A state-of the art fluorescence microscope that allows the visualisation of cells and cellular structures.

A high-throughput image acquisition system that allows the automatic acquisition of hundreds of microscope images in a rapid and reproducible manner.

A software tool that enables the analysis and quantification of the biological signals in each one of the acquired images.

Using a combination of antibodies (capable of identifying specific components in the cell) and fluorescent dyes, the HCS technology can detect changes in target intensity, localisation and cellular morphology in live or fixed cell³.

At PMI, we use a large battery of HCS assays to investigate how specific substances alter the phenotype of a cell in a particular manner. Currently, we have established more than 10 different assays, allowing us to measure more than 15 different cellular parameters in cellular types representing the lung (normal human bronchial epithelial cells) and the cardiovascular system (human coronary artery endothelial cells)⁴.

Human 3D models

While 2D models have their uses, traditional 2D cell cultures in plastic dishes or flasks are limited in that the culture medium that covers them does not allow for direct exposure to complex aerosols. In addition, 2D cell cultures do not satisfactorily recapitulate the physiological cell-cell interaction conditions that cells experience in vivo.

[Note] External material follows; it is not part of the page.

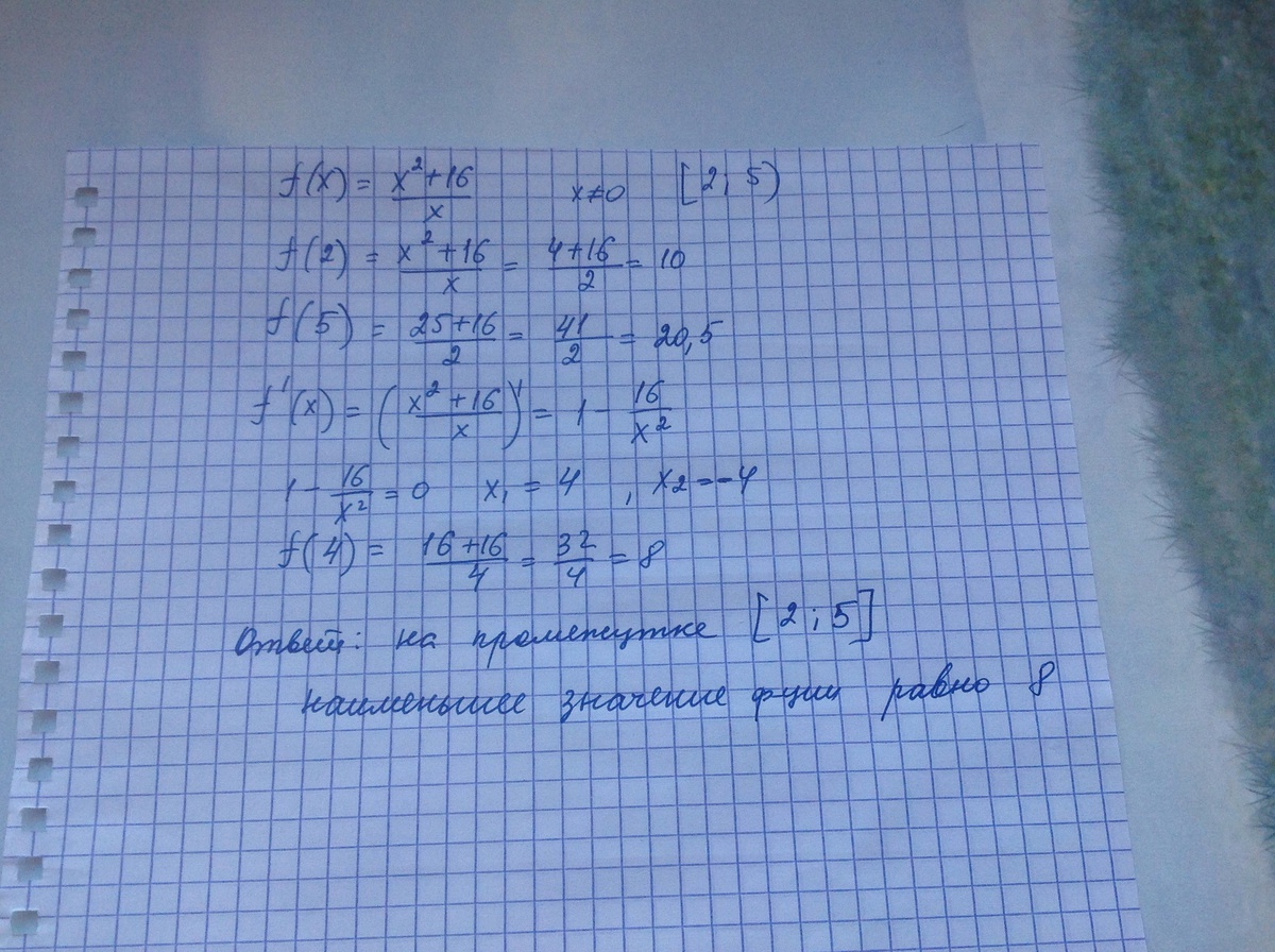 f`(x)=(2x*x-1(x²+16))/x²=(2x²-x²-16)/x²=(x²-16)/x²=0
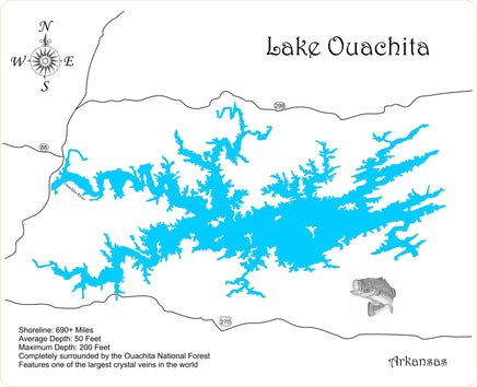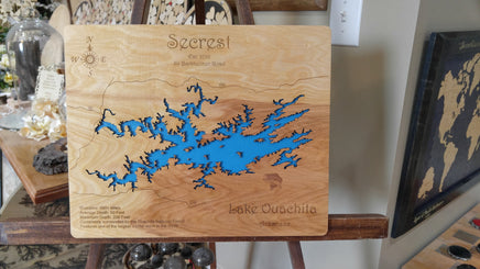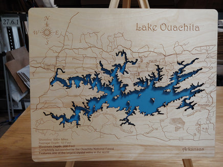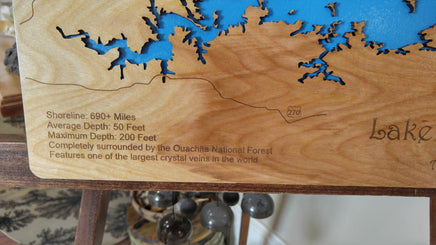 This is a beautiful, detailed, laser engraved and precision cut map, including lake information such as surface area, elevation and maximum depth.

To address these issues, in recent years researchers have looked for ways to culture cells in a more physiologically relevant manner. It has been demonstrated that by culturing normal human bronchial epithelial cells at the air-liquid interface, they are able to differentiate into a bronchial epithelium-like tissue with all the morphological properties that define the bronchial epithelium in vivo⁵. A 3D airway cellular model has also been built where cells express a comparable gene expression profile to tracheal and bronchial epithelial cells that have been collected in the clinical setting by brushing human airways⁶.

Cell culture in 3D has been touted as ‘biology's new dimension’⁷ and the National Institutes of Health, the US Food and Drug Administration, the Defense Advanced Research Projects Agency and the Defense Threat Reduction Agency are sponsoring a variety of projects focused on developing 3D organ models⁸.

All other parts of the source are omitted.